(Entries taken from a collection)

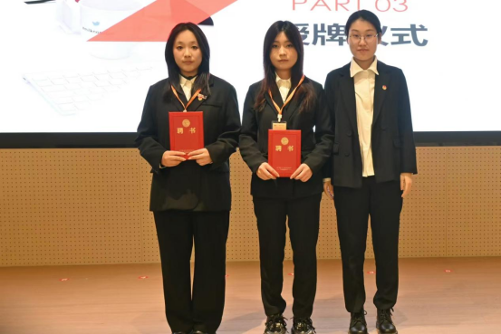 紧接着,授牌仪式正式开始。学长学姐们逐一为新部长与新干事颁发聘书并授牌。大家的脸上洋溢着自豪与喜悦,眼神中闪烁着对未来的无限憧憬。这不仅是一次简单的授牌仪式,更是一次精神的传承与责任的交接。
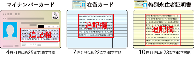 マイナンバーカードの追記は、今までの在留カード(約22文字)/特別永住者証明書(約23文字)/住民基本台帳カード(約25文字)等と比較し、追記欄の行数が少ないので追記欄に記載できる文字数が1行約25文字、4行で約100文字と44%減少※2しているため、限られたスペースへの印字を考慮する必要があります。
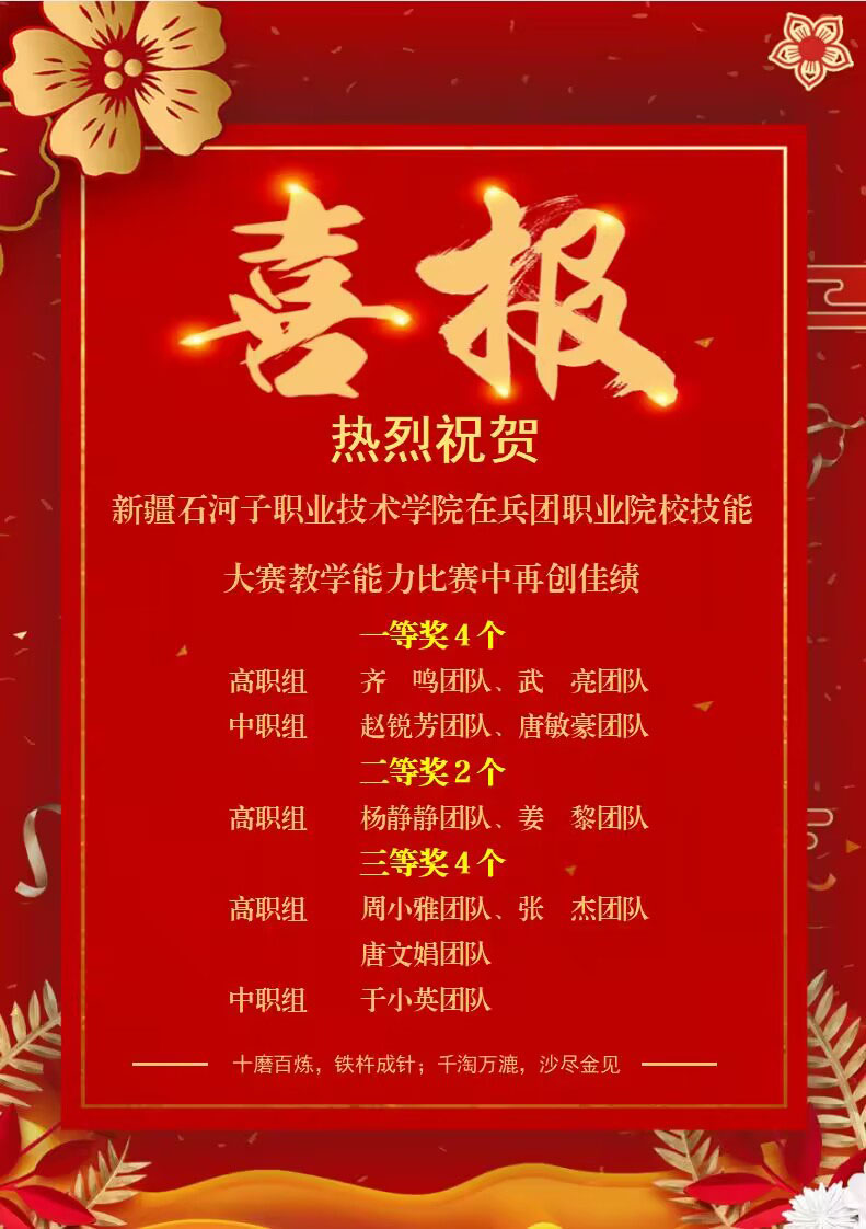 (杨慧 报道)近日,兵团职业院校技能大赛教学能力比赛现场决赛落下帷幕。Beat365中文官方网站派出10支教师团队参赛,经过激烈角逐,共斩获一等奖4个、二等奖2个、三等奖4个,其中齐鸣团队、武亮团队分别获高职组一等奖,赵锐芳团队、唐敏豪团队分别获中职组一等奖。
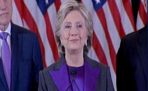 उन्होंने कहा, ‘‘मैंने डोनाल्ड ट्रंप को बधाई दी और हमारे देश की तरफ से उनके साथ काम करने का प्रस्ताव दिया. मुझे आशा है कि वह सभी अमेरिकियों के लिए सफल राष्ट्रपति बनेंगे. ”हिलेरी ने कहा कि राष्ट्र को चुनावों के नतीजों को स्वीकार करना चाहिए और ट्रंप के नेतृत्व में आगे बढना चाहिए. हिलेरी के भाषण के बाद जाते वक्त उनके समर्थकों ने खडे होकर तालियां बजाईं.
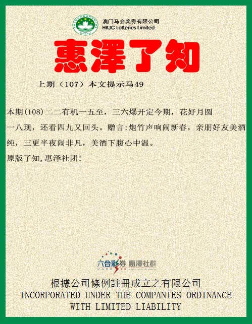 【惠泽了知】108期:二二有机一五至,三六爆开定今期,解22鸡,15龙,36羊。花好月圆一八现,还看四九又回头。解夜肖鼠牛虎鸡狗猪。18牛,49马。赠言:炮竹声响闹新春,亲朋好友美酒纯,三更半夜闹非凡,美酒下腹心中温
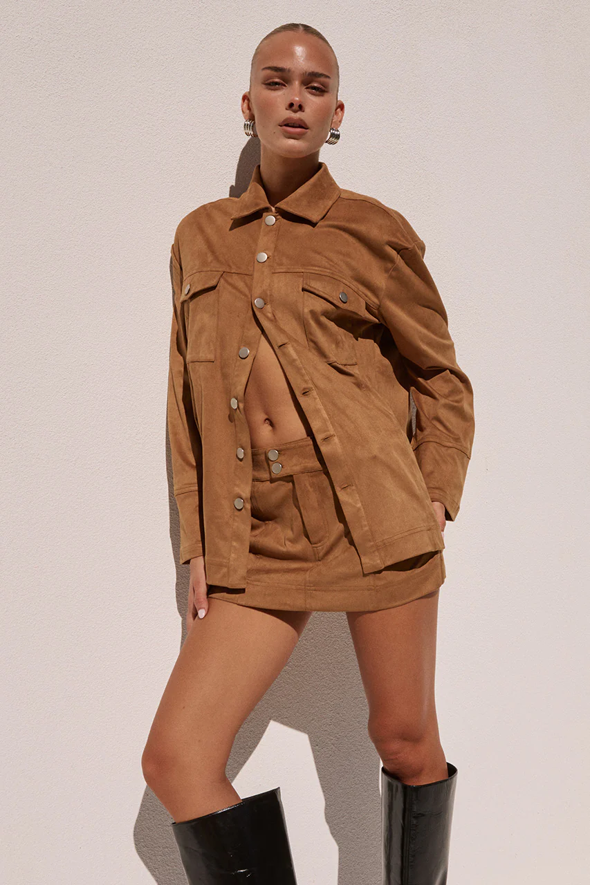 A classic silhouette in a luxe suede fabric, our Monah Mini Skirt is effortlessly cool, pair with our Monah Jacket for the complete look.
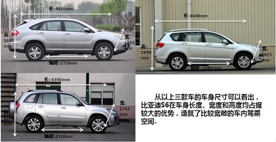 SUV車型在國內(nèi)持續(xù)走俏,其優(yōu)于傳統(tǒng)轎車的關(guān)鍵在于寬大的車身所帶來的寬敞、舒適的車內(nèi)空間,這也構(gòu)成了SUV車型的最大賣點(diǎn)之一。擁有一輛“大塊頭”SUV,不僅看起來氣勢逼人,同時也滿足了車主對于載人、載物的雙重需求。自主品牌SUV車型中的前三甲——比亞迪S6、哈弗H6、奇瑞瑞虎,在激烈的車型競爭中脫穎而出,成為人們的購車首選。這三款車中,誰是真正的自主品牌SUV空間之王?下面就讓我們分別從外觀尺寸、乘坐空間和儲物空間三方面加以詳解。
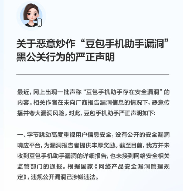 声明指出,字节跳动高度重视用户信息安全,设有公开的安全漏洞响应平台并提供丰厚奖励。截至目前,公司并未收到豆包手机助手漏洞的详细报告,也未接到网络安全相关监管部门的通报。
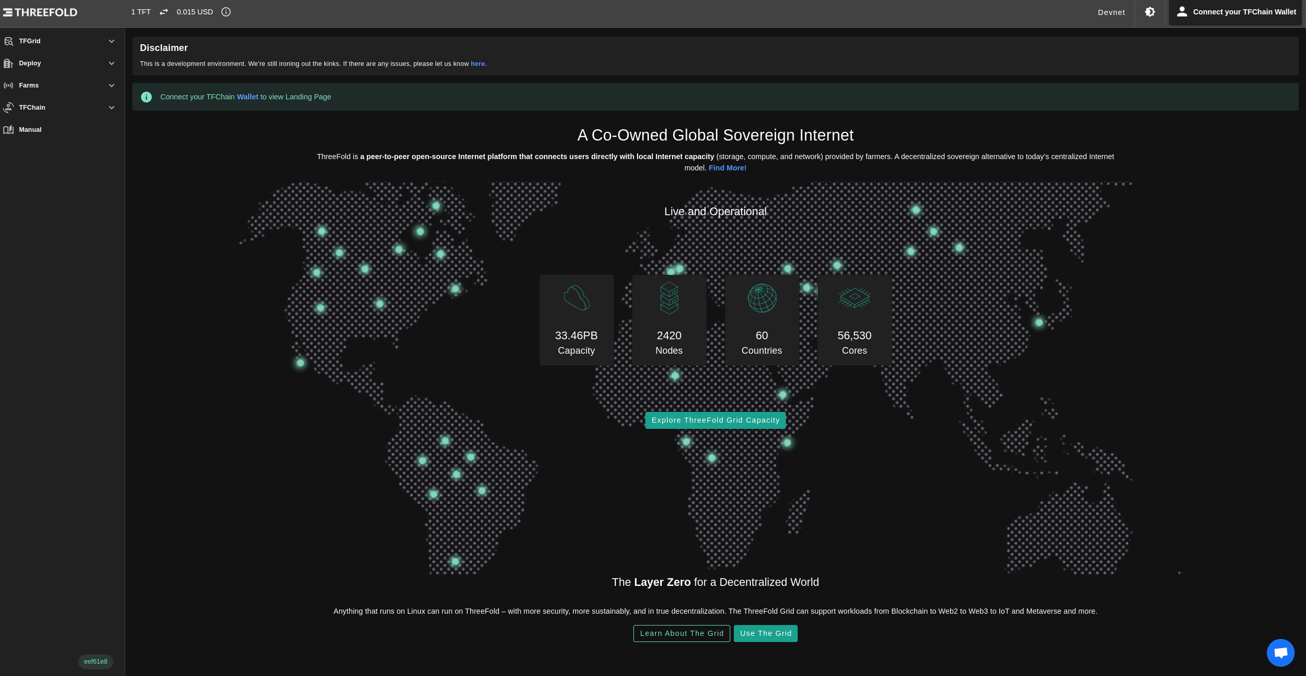 To interact with TFChain, users can connect their TFChain wallet to the wallet connector available on the ThreeFold Dashboard.
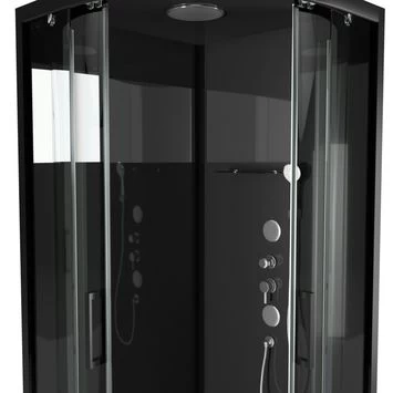 Deze strak ontworpen zwarte douchecabine van Aurlane is perfect wanneer je iets minder ruimte in de badkamer hebt. De cabine beschikt namelijk over een dubbele schuifdeur in de hoek. Daardoor heb je geen extra ruimte nodig om de deuren te kunnen openen. De hoekinstap heeft een opening van 50 cm in de breedte en de wanden zijn gemaakt van 4 mm dik veiligheidsglas. Daar bovenop heeft de cabine een ingebouwde regendouche, een handdouche en 2 grote waterjets. De douchebak van deze Aurlane Douchecabine met Schuifdeur Black Mirror 2 Kwartrond Zwart 90×90 cm heeft een ondersteuningsframe met 5 steunpoten. De hele set bestaat uit een centrale douchekolom, een douchebak, een voorzijde in zwart veiligheidsglas van 4 mm dik en een set achterwanden in zwart acryl. Deze cabine is ook beschikbaar in een vierkante en rechthoekige uitvoering.

→ **Aim of the exercise**
A word-for-word reproduction is needed of the lines above from the line containing "SUV車型在國內(nèi)持" through the line containing "To interact with", with both ends kept and no pictures.

→ **Answer for the task**
 SUV車型在國內(nèi)持續(xù)走俏,其優(yōu)于傳統(tǒng)轎車的關(guān)鍵在于寬大的車身所帶來的寬敞、舒適的車內(nèi)空間,這也構(gòu)成了SUV車型的最大賣點(diǎn)之一。擁有一輛“大塊頭”SUV,不僅看起來氣勢逼人,同時也滿足了車主對于載人、載物的雙重需求。自主品牌SUV車型中的前三甲——比亞迪S6、哈弗H6、奇瑞瑞虎,在激烈的車型競爭中脫穎而出,成為人們的購車首選。這三款車中,誰是真正的自主品牌SUV空間之王?下面就讓我們分別從外觀尺寸、乘坐空間和儲物空間三方面加以詳解。
 声明指出,字节跳动高度重视用户信息安全,设有公开的安全漏洞响应平台并提供丰厚奖励。截至目前,公司并未收到豆包手机助手漏洞的详细报告,也未接到网络安全相关监管部门的通报。
 To interact with TFChain, users can connect their TFChain wallet to the wallet connector available on the ThreeFold Dashboard.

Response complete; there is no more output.